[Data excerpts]
•••

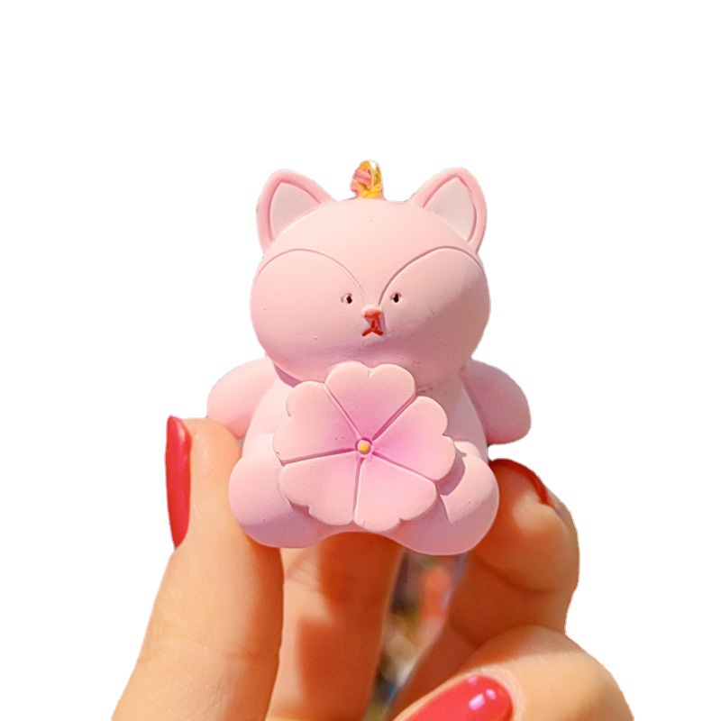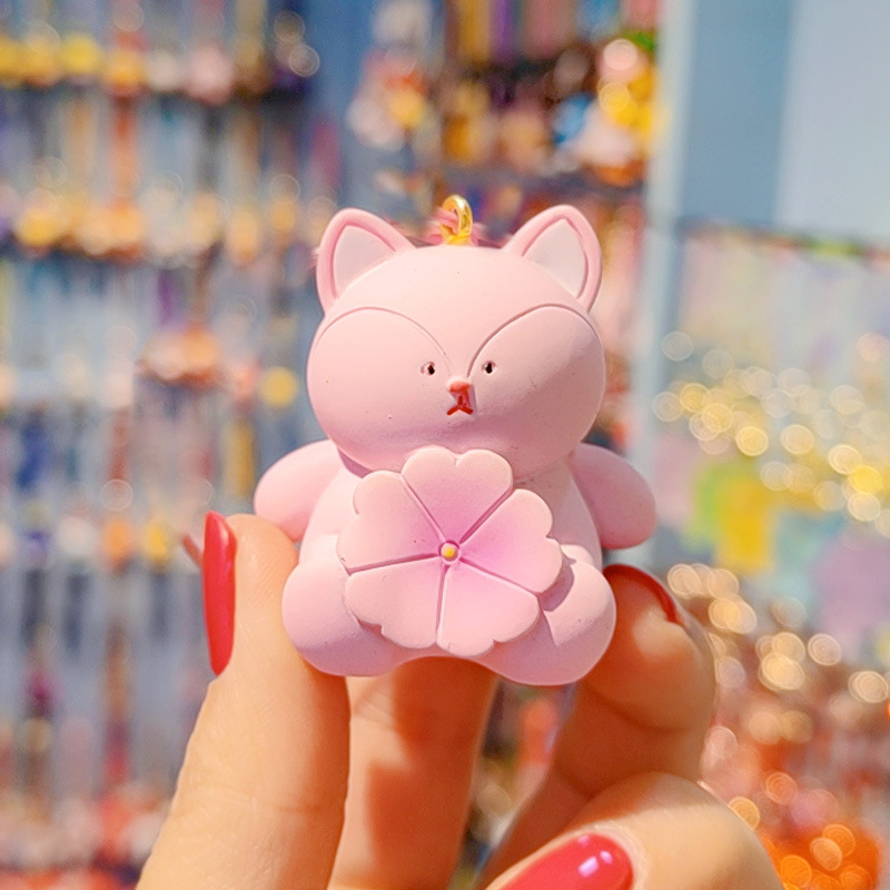 新款卡通抱花小动物钥匙扣女可爱时尚精致树脂公仔钥匙链包挂摆件
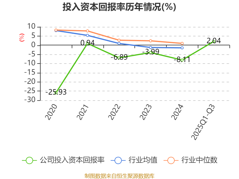 盈利能力方面, 2025年前三季度公司加权平均净资产收益率为2.37%,同比上升3.99个百分点。公司2025年前三季度投入资本回报率为2.04%,较上年同期上升4.3个百分点。
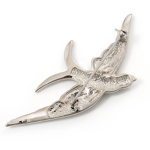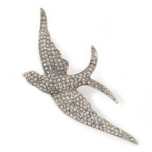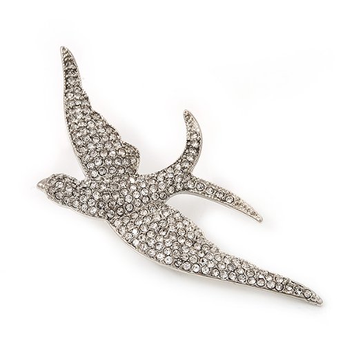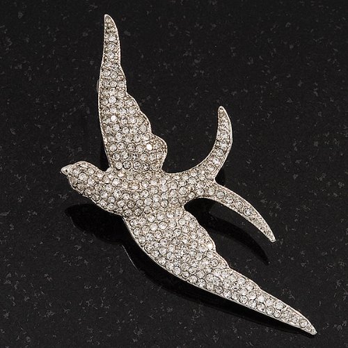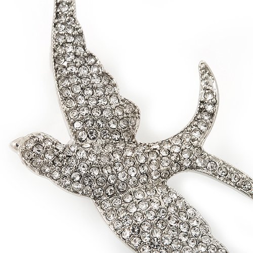 Add a striking touch to a top or shawl with this crystal-set bird brooch. It features a bold swallow design with outstretched wings, all set sparkling with clear Swarovski crystals. The bird measures about 7cm x 3.5cm and secures with a flag pin and revolver clasp.Feature
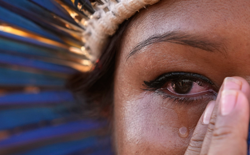 Με εξαφάνιση απειλούνται οι ιθαγενείς στη Βραζιλία από τις πολιτικές του ακροδεξιού προέδρου Μπολσονάρου. Μία ιθαγενής δακρύζει μετά την απόφαση του Ανώτατου δικαστηρίου της Βραζιλίας να αναστείλει προσωρινά την ψήφιση για τον αποχαρακτηρισμό της γης των αυτόχθονων στη χώρα.
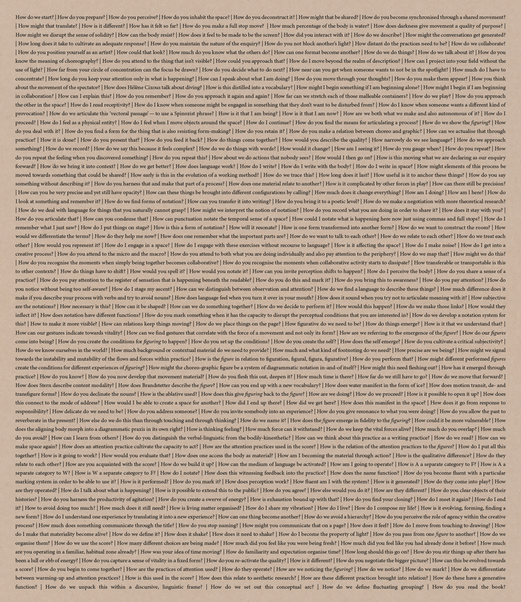 This exposition forms part of a chapter entitled ‘Choreo-graphic Writing – Towards More-Than-One Means of Inscription’ by Emma Cocker, Nikolaus Gansterer and Mariella Greil, published in Leena Rouhiainen, Kirsi Heimonen, Rebecca Hilton and Chrysa Parkinson (eds.), Writing Choreography: Extending the Conventions of Dance (Routledge, 2023). Abstract for the chapter: Choreo-graphic Figures - Deviations from the Line is an artistic research project by writer-artist Emma Cocker, artist-performer Nikolaus Gansterer and dancer-choreographer Mariella Greil, for exploring those modes of thinking-feeling-knowing emerging between the lines of choreography, drawing and writing. This research project involved the cultivation of various modes of “choreo-graphic writing” [more-than-one / means of inscription] at the interstice of choreography, drawing and writing, the evolution of experimental language practices as artistic research. Drawing on various “practices” and “figures” developed within Choreo-graphic Figures, Cocker, Gansterer and Greil explore how different performative, sensuous and experimental textual practices and bodily inscriptions emerge as immanent means of articulation for that which remains strictly beyond words: the embodied, relational, affective and material sensitivities and sensibilities of collaborative, co-emergent sense-making taking place in and through the interaction between bodies, between human and non-human agencies. The chapter comprises two parts: PART I — an “exposition” (encountered here) showing how Cocker, Gansterer and Greil performed choreography/writing beyond the page within the context of Choreo-graphic Figures presented online using the Research Catalogue (RC), an online platform for publishing artistic research; PART II — an “essay” (within the printed publication, Writing Choreography: Extending the Conventions of Dance (Routledge, 2023) for exploring the different resonances of and implications for these various approaches to choreo-graphic writing. The exposition is designed in dialogue with Simona Koch.

•••

- [HOW TO COMPLETE THIS TASK] The data needs to be reproduced exactly, please, apart from its pictures.

- [WRITTEN REPLY]
 新款卡通抱花小动物钥匙扣女可爱时尚精致树脂公仔钥匙链包挂摆件
 盈利能力方面, 2025年前三季度公司加权平均净资产收益率为2.37%,同比上升3.99个百分点。公司2025年前三季度投入资本回报率为2.04%,较上年同期上升4.3个百分点。
 Add a striking touch to a top or shawl with this crystal-set bird brooch. It features a bold swallow design with outstretched wings, all set sparkling with clear Swarovski crystals. The bird measures about 7cm x 3.5cm and secures with a flag pin and revolver clasp.Feature
 Με εξαφάνιση απειλούνται οι ιθαγενείς στη Βραζιλία από τις πολιτικές του ακροδεξιού προέδρου Μπολσονάρου. Μία ιθαγενής δακρύζει μετά την απόφαση του Ανώτατου δικαστηρίου της Βραζιλίας να αναστείλει προσωρινά την ψήφιση για τον αποχαρακτηρισμό της γης των αυτόχθονων στη χώρα.
 This exposition forms part of a chapter entitled ‘Choreo-graphic Writing – Towards More-Than-One Means of Inscription’ by Emma Cocker, Nikolaus Gansterer and Mariella Greil, published in Leena Rouhiainen, Kirsi Heimonen, Rebecca Hilton and Chrysa Parkinson (eds.), Writing Choreography: Extending the Conventions of Dance (Routledge, 2023). Abstract for the chapter: Choreo-graphic Figures - Deviations from the Line is an artistic research project by writer-artist Emma Cocker, artist-performer Nikolaus Gansterer and dancer-choreographer Mariella Greil, for exploring those modes of thinking-feeling-knowing emerging between the lines of choreography, drawing and writing. This research project involved the cultivation of various modes of “choreo-graphic writing” [more-than-one / means of inscription] at the interstice of choreography, drawing and writing, the evolution of experimental language practices as artistic research. Drawing on various “practices” and “figures” developed within Choreo-graphic Figures, Cocker, Gansterer and Greil explore how different performative, sensuous and experimental textual practices and bodily inscriptions emerge as immanent means of articulation for that which remains strictly beyond words: the embodied, relational, affective and material sensitivities and sensibilities of collaborative, co-emergent sense-making taking place in and through the interaction between bodies, between human and non-human agencies. The chapter comprises two parts: PART I — an “exposition” (encountered here) showing how Cocker, Gansterer and Greil performed choreography/writing beyond the page within the context of Choreo-graphic Figures presented online using the Research Catalogue (RC), an online platform for publishing artistic research; PART II — an “essay” (within the printed publication, Writing Choreography: Extending the Conventions of Dance (Routledge, 2023) for exploring the different resonances of and implications for these various approaches to choreo-graphic writing. The exposition is designed in dialogue with Simona Koch.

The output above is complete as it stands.